質問タイムは5度ほど挿入され、質問の内容は、城に関するものと、ゲストの春風亭昇太師匠に対するものに二分されたようだ。
たとえば前者なら「織田や豊臣の城は黒っぽいのに、徳川の城が白っぽいのはなぜですか」との質問があった。防衛を考えれば夜に見えづらい黒が良いが、徳川の城は戦のない時代のものが多く、防衛より威圧の意味が大きい。だから白いのだそうだ。後者は「師匠はなぜ姫路城が好きなのですか?」などと、ファンらしい質問も多かった。
一緒にまわっている感覚になるバーチャルツアーの利点
バーチャルツアーでは石垣や建物に触れられず、直接見ることもできないため、満足感が低いのではないかと敬遠する方もいるかもしれない。
実際に参加してみると、確かにそういった短所はあるし、音切れなどもないわけではないが、基本的にガイドやゲストの背後から、あるいは前方からのカメラワークのため、一緒にまわっているような感覚で視聴できた。さらに、バーチャルツアーならではの利点も少なくないと感じる。高い場所や柵などで近寄れない場所でも、カメラワークによりアップで見ながら説明が聞けるのは、大きな利点だろう。たとえば瓦の模様がはっきり確認でき、歴代城主の家紋を確認できた。
今回のツアーでは天守に入らなかったが、出演者が移動する間に、内部の紹介VTRが流れた。2時間のツアー中、情報が提供されないタイミングはなく、退屈せずに見ていられたのもバーチャルならではないだろうか。視聴者は椅子に座って見ているだけなので、ずっと説明が続いていても疲れず、集中できるのも良い点だろう。たとえば最初にゲストから「行きは攻め手の気持ちで、帰りは護り手の気持ちで見ると楽しいですよ」とアドバイスされたが、旅行の荷物を持って移動しながらの見学なら、いろいろ気をとられて、その設定を忘れてしまったかもしれない。
ツアーの最後にガイドを予約する方法などのガイダンスもあり、コロナ収束後に行ってみたいと思った視聴者も少なくなかったのではないだろうか。
姫路城バーチャルツアーの目的とは
バーチャルツアーの体験後、姫路観光コンベンションビューローにツアーのインバウンドプロモーション担当である浦上正寛さんに、企画した目的などについて聞いてみた。
参加者の上限がない動画共有サイトを利用したため人数制限はなく、最終的な参加者は269名。ほぼ予想通りの人数だったが、採算はとれていない。アーカイブ販売などで、最終的に黒字にしたいと考えているという。

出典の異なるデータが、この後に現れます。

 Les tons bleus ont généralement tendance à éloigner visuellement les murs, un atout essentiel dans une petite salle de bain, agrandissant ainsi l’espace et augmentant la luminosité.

「初めての試みで、試行錯誤の連続でしたが、姫路城にはエレベーターなどがありませんから、普段は訪城が難しい体の不自由な方や、遠方でなかなかお越しになれない方に楽しんでいただきたいと考えました。第二弾として、城郭考古学者の千田嘉博先生とお城好き博士ちゃんとして知られる栗原響大君をゲストに、非公開エリアのバーチャルツアーを開催しましたが、視聴者は359人に増えました。第一弾をご覧になってリピーターになってくださった方も少なくなかったようです」と、バーチャルツアーの試みはまず第一歩を踏み出せたようだ。
城は要塞でもあるため、電波の届かない場所も所々にある。電波チェックやカメラワークの決定などのため、4~5日かけて入念なリハーサルを行ったそうだ。しかし内容については敢えて台本を作らず、できるだけ一般に知られていない情報を紹介するよう意識した以外は、生ならではのライブ感を大事にしたという。

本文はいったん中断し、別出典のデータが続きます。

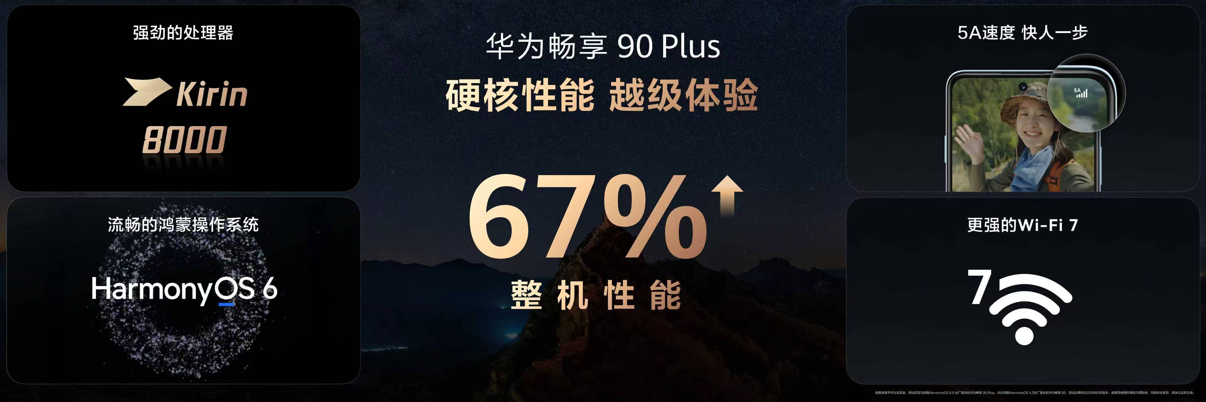 畅享90系列搭载华为史上最大电池华为畅享 90 Pro Max的登场着实让人惊喜,作为华为发力千元档的重磅机型,这款新机的分量不言而喻。8500mAh华为巨鲸电池续航拉满,还有麒麟8系芯片、、鸿蒙智慧通信、Wi-Fi 7技术加持,核心配置全在线。能明显感受到华为要在性价比市场全力发力的决心,这款新机值得重点关注。华为千元机全系搭载麒麟8系芯片

「今回は姫路城の機能や役割を知っていただこうと縄張りを紹介しましたが、姫路には、城以外にもたくさんの魅力があります。たとえば城文化とともに発展した和菓子屋さん、甲冑を作る技師として平安時代から五十二代続く明珍家といった、城下町ならではの伝統もありますので、今後はまた違った切り口でのバーチャルツアーを計画しています」と、浦上さん。
さまざまなアプローチでバーチャルツアーを実施し、コロナ収束後には多くの観光客に足を運んでもらいたいと考えている。
コロナ禍の中、観光地だけでなく、博物館や美術館などでもバーチャルツアーが実施されており、トップクラスの知識を有する専門家の解説が聞ける。「いつか旅してみたい」と憧れている場所があるなら、バーチャルツアーに参加して予習してみてはいかがだろう。